WORK INSTRUCTIONS:
Could you print exactly the lines of the listing below, starting at the line that has "相关ETF方面,汽车零件ET" and ending at the line that has "Женские брюки Tu", and only those lines?

PROVIDED DATA:
-- Opening Marker --
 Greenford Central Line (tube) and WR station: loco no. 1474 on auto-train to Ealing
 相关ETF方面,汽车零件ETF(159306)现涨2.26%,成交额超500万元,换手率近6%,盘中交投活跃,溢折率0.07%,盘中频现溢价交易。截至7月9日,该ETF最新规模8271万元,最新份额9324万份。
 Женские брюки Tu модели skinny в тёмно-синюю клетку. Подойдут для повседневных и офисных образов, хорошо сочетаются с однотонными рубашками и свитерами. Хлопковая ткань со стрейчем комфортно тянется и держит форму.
-- Closing Marker --
-- Opening Marker --
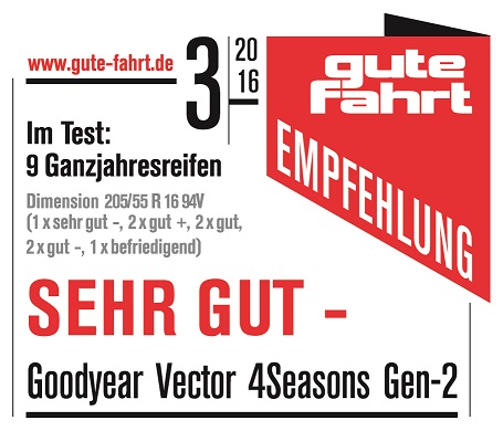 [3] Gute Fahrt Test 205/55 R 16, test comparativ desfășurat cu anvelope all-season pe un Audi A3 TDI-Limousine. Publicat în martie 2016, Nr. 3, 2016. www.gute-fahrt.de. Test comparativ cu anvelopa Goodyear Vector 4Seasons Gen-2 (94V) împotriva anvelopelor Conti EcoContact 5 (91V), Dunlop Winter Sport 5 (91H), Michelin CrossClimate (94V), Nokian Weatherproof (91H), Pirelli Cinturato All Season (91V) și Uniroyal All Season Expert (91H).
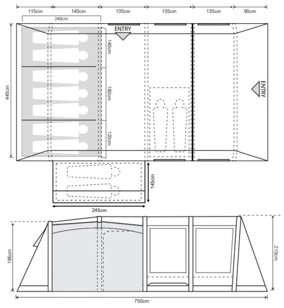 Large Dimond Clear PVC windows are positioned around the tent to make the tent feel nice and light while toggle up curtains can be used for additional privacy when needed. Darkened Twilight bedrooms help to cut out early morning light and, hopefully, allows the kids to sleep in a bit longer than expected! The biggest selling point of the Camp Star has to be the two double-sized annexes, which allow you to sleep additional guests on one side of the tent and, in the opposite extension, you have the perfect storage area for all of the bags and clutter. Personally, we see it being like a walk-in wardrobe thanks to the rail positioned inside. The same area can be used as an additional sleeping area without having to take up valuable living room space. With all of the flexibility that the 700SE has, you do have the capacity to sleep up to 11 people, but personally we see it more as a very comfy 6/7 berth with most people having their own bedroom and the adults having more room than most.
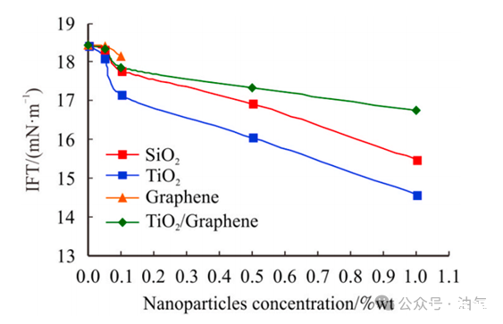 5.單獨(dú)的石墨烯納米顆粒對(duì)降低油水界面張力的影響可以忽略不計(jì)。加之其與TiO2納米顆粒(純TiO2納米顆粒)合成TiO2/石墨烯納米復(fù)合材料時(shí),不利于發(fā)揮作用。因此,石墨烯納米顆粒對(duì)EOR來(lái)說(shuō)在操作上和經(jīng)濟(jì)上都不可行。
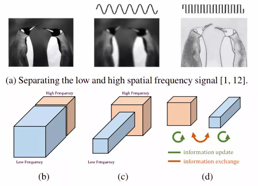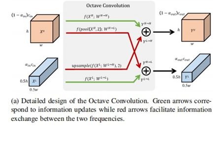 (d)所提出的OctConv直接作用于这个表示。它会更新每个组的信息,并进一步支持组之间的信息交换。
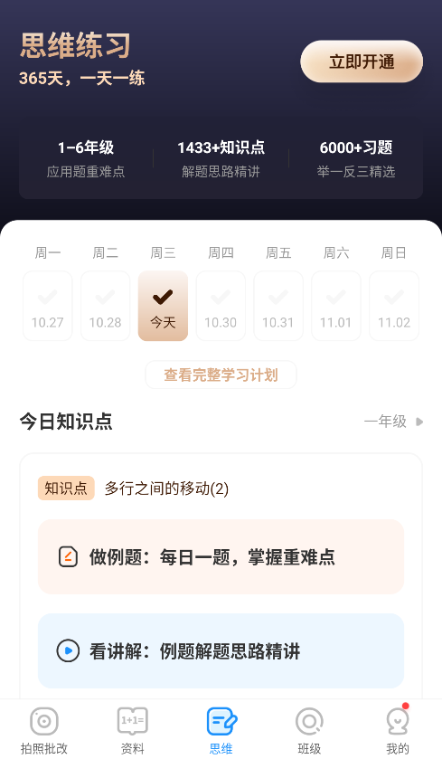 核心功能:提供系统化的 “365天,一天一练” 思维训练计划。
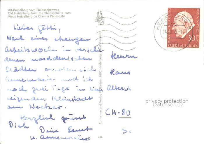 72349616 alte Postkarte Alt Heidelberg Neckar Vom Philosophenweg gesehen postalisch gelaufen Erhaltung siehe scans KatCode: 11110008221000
-- Closing Marker --
-- Opening Marker --
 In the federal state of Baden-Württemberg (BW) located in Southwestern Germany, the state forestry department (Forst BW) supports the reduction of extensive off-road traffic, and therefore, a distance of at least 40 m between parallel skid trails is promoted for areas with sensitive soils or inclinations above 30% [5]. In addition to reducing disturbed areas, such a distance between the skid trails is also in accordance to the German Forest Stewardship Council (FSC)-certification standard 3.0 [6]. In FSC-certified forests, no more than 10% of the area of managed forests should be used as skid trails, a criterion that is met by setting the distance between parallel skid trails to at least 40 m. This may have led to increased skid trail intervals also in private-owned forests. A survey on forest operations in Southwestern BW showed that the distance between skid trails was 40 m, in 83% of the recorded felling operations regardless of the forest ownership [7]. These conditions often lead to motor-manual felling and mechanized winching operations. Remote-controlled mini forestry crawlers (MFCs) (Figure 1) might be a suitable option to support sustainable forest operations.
-- Closing Marker --
SOLUTION TO THE EXERCISE:
 相关ETF方面,汽车零件ETF(159306)现涨2.26%,成交额超500万元,换手率近6%,盘中交投活跃,溢折率0.07%,盘中频现溢价交易。截至7月9日,该ETF最新规模8271万元,最新份额9324万份。
 Женские брюки Tu модели skinny в тёмно-синюю клетку. Подойдут для повседневных и офисных образов, хорошо сочетаются с однотонными рубашками и свитерами. Хлопковая ткань со стрейчем комфортно тянется и держит форму.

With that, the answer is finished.